Managing Update Conflicts in Bayou, a Weakly Connected Replicated Storage System
Terry, Theimer, Petersen, Demers, Spreitzer, Hauser
SOSP 95

some material from Flexible Update Propagation for Weakly Consistent Replication, SOSP 97

  • Why this paper?

    • Eventual consistency is pretty common
    • git, iPhone sync, Dropbox, Amazon Dynamo
    • Why do people like eventual consistency?
      • fast read/write of local copy (no primary, no paxos)
      • disconnected operation
    • What goes wrong?
      • doesn't look like "single copy" (no primary, no paxos)
      • conflicting writes to different copies
      • how to reconcile them when discovered?
    • Bayou has a reasonable reconciliation story
  • Paper context:

    • Early 1990s
    • Dawn of PDAs, laptops, tablets
      • H/W clunky but clear potential
      • Commercial devices did not have wireless
    • Devices might be off or not have network access
      • This problem has not gone away!
      • iPhone sync, Dropbox sync, Dynamo
  • Let's build a conference room scheduler

    • Only one meeting allowed at a time (one room).
    • Each entry has a time and a description.
    • We want everyone to end up seeing the same set of entries.
  • Traditional approach: one server

    • Server executes one client request at a time
    • Checks for conflicting time, says yes or no
    • Updates DB
    • Proceeds to next request
    • Server implicitly chooses order for concurrent requests
  • Why aren't we satisfied with central server?

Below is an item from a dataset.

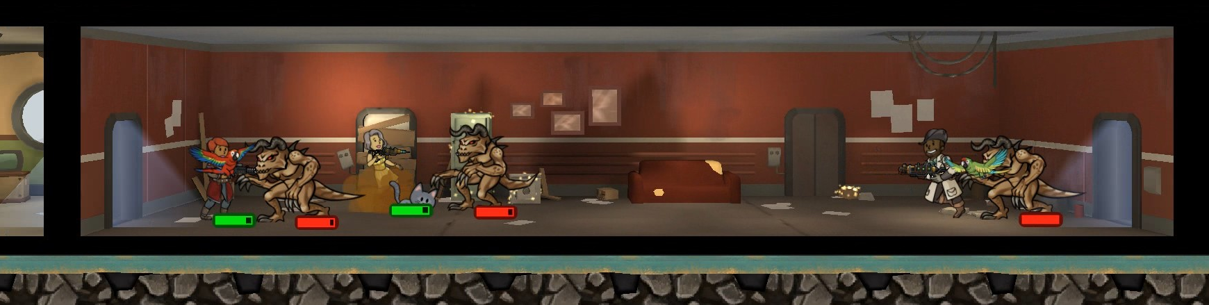 | Diese Datei stammt aus dem Video-Spiel Fallout Shelter oder von Webseiten, die von Bethesda Softworks erstellt wurden und deren Urheberrechte bei Bethesda Softworks liegen, oder wurde von dieser für Werbezwecke an die Presse abgegeben. Alle im Bild enthaltenen Marken und eingetragenen Marken sind Eigentum von Bethesda Softworks. Es wird davon ausgegangen, dass die Verwendung der Bilder zur Illustration von Artikeln, die das Thema der fraglichen Bilder betreffen, als faire Verwendung im Sinne des US-amerikanischen Urheberrechtsgesetzes gilt, da eine solche Darstellung das Recht des Urheberrechtsinhabers zum Verkauf des urheberrechtlich geschützten Materials nicht wesentlich einschränkt und in diesem Zusammenhang nicht dazu verwendet wird, Gewinn zu erzielen. |

    • I want to use scheduler on disconnected iPhone
      • So need DB replica in each node.
      • Modify on any node, as well as read.
    • Periodic connectivity to net.
    • Periodic direct contact with other calendar users (e.g. bluetooth, IR).
  • Straw man 1: merge DBs.

    • Similar to iPhone calendar sync, or file sync.
    • May need to compare every DB entry -- lots of time and net b/w.
    • Still need a story for conflicting entries, i.e. two meetings at same time.
      • User may not be available to decide at time of DB merge.
      • So need automatic reconciliation.
  • Idea for conflicts: update functions

    • Application supplies a function, not a new value.
    • Read current state of DB, decide best change.
    • E.g. "Meet at 9 if room is free at 9, else 10, else 11."
      • Rather than just "Meet at 9"
    • Function can make reconciliation decision for absent user.
    • Sync exchanges functions, not DB content.
  • Problem: can't just apply update functions to DB replica

    • A's fn: staff meeting at 10:00 or 11:00
    • B's fn: hiring meeting at 10:00 or 11:00
    • X syncs w/ A, then B
    • Y syncs w/ B, then A
    • Will X put A's meeting at 10:00, and Y put A's at 11:00?
  • Goal: eventual consistency

    • OK for X and Y to disagree initially
    • But after enough syncing, outcomes should converge
  • Idea: ordered update log

    • Ordered log of updates at each node.
    • Syncing: ensure both nodes have same updates in log.
    • DB is result of applying update functions in order.
    • Same log -> same order -> same DB content.
  • How can nodes agree on update order?

    • Update ID: (time T, node ID)
    • T is creating node's wall-clock time.
    • Ordering updates a and b:
      • a < b if a.T < b.T or (a.T = b.T and a.ID < b.ID)
  • Example:

    • <10,A>: staff meeting at 10:00 or 11:00
    • <20,B>: hiring meeting at 10:00 or 11:00
    • What's the correct eventual outcome?
      • the result of executing update functions in timestamp order
      • staff at 10:00, hiring at 11:00
  • What DB content before sync?

    • A: staff at 10:00
    • B: hiring at 10:00
    • This is what A/B user will see before syncing.
  • Now A and B sync with each other

    • Each sorts new entries into its log, order by time-stamp
    • Both now know the full set of updates
    • A can just run B's update function
    • But B has already run B's operation, too soon!
  • Roll back and replay

    • B needs to to "roll back" DB, re-run both ops in the right order
    • Big point: the log holds the truth; the DB is just an optimization
      • Similar to SM in Paxos: it's a materialization of the logged ops.
    • We will optimize roll-back in a bit
  • Displayed meeting room calendar entries are "tentative"

    • B's user saw hiring at 10, then it changed to hiring at 11
  • Will update order be consistent with wall-clock time?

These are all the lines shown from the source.